TD> [editorializing]. When we have a sense we should do something for someone, and don’t, that’s self-betrayal. But if we don’t have any sense we should do something for someone {assumed: someone we care about or work with}, then it implies we are already in the box toward them!

Top of page 90

[Bud] … it’s good to think of others, but who am I thinking of when I’m thinking of myself as the sort of person who thinks o others?

TD> I live in this world! I care how others view me. Perhaps way too much!

Middle of page 90

[Bud] Let’s say you have a self-justifying image that says you know everything. How do you supposed you’d feel toward someone who suggested something new to you?

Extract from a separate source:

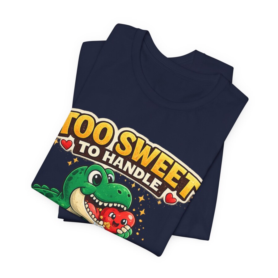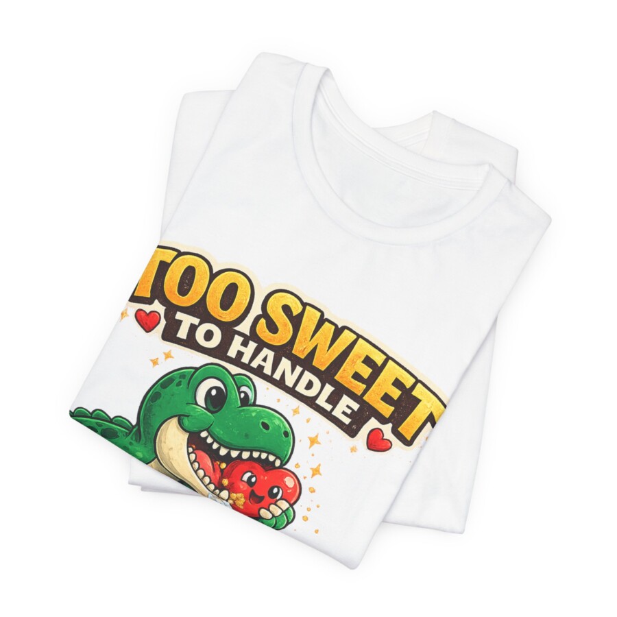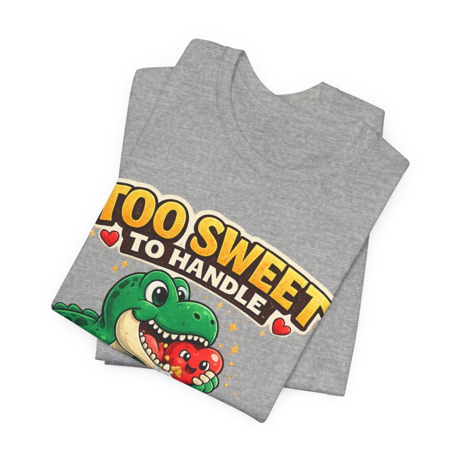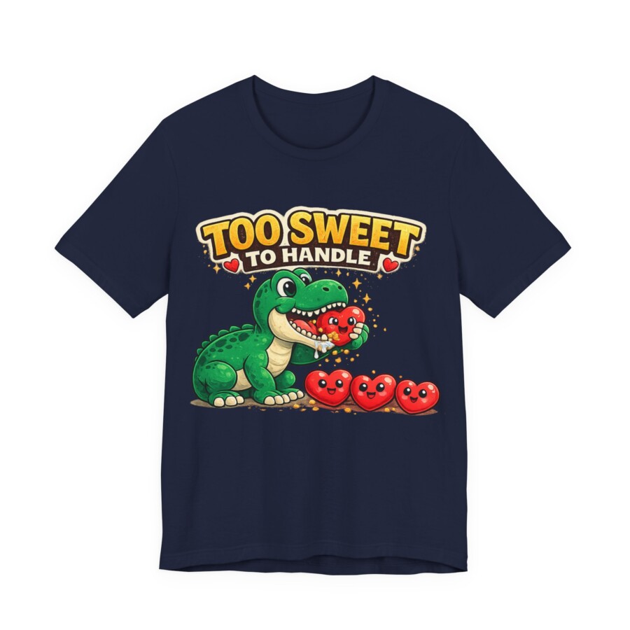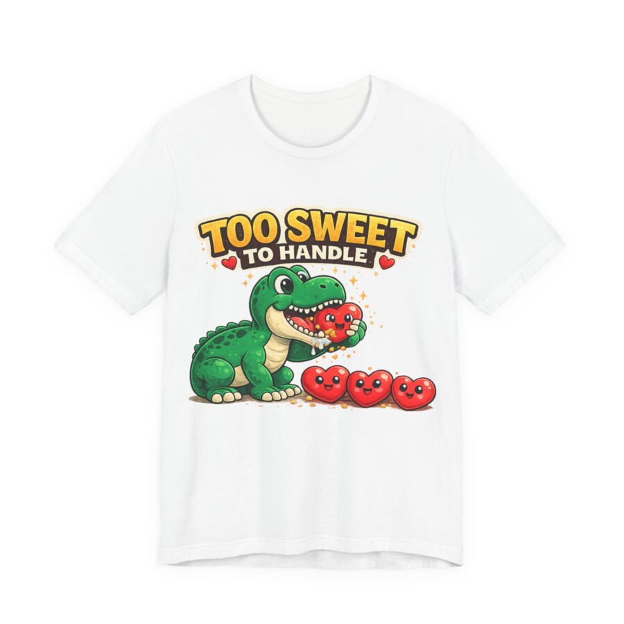 Too Sweet To Handle T-Shirt — Cute Dino Eating Hearts Valentine Tee, A light, playful tee that brings a little mischief to everyday wear. The front features a cartoon crocodile gently chomping a row of smiling strawberries under the cheeky headline “TOO SWEET TO HANDLE.” Soft, breathable cotton keeps the print feeling fresh and crisp while the retail fit and crew neckline sit neatly under jackets or stand alone on warm afternoons. Wear it to casual meetups, weekend markets, or whenever you want to share a wink and a smile—this shirt reads like an inside joke between friends and keeps the mood easy and fun.

TD> Failing to be a truth-seeker will always go badly. Reference Thinking in Bets, How to Have Impossible Conversations, and many others.

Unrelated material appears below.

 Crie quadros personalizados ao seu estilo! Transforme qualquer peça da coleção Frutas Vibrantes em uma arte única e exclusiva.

Middle of page 91, Tom’s anger as he realizes he’s in the box. Tom was angry at her for being like he was being!

TD> Awareness!

Bottom of page 91

[Tom] For the first time that afternoon, I was fully open to what Bud and Kate were sharing with me — open to the possibility that I had a problem. … I knew I had a problem, and in some ways a big one. Until that moment, I’d felt that giving in to the possibility that I had a problem would mean that I was the loser …

TD> Our competitive nature; there must be winners and losers. Pretty much the opposite of being partners.

Page 92

[Tom] I felt hope. Amazingly, I felt hop in the moment I discovered I had a problem.

TD> In business, we talk often about how the first step to solving a problem is understanding the problem. Maybe the first sub-step to that first step is admitting the possibility *I* might be the problem.

Final paragraph

[Bud] We have one more thing to talk about … and se what all this means for Zagrum.

Chapter Summary: A lot of clarity here, and probably more confusion to go with it. How we get in the box, how we discover we’re already in the box, and only small hints of how to get out of the box. Self-betrayal gets us in. Lack of any sense we should do something for someone says we’re already in. What seems to be the recurring bottom line, There are people, and there are objects. Maybe that’s the key. Until I see people as people, I’ll get in, and stay in, the box. “what can he or she do for me?”

TD> This is stirring up all kinds of stuff. I’m not exactly sure what! I don’t “do” emotions well. I certainly have them, but I don’t understand them, and this is really confusing stuff.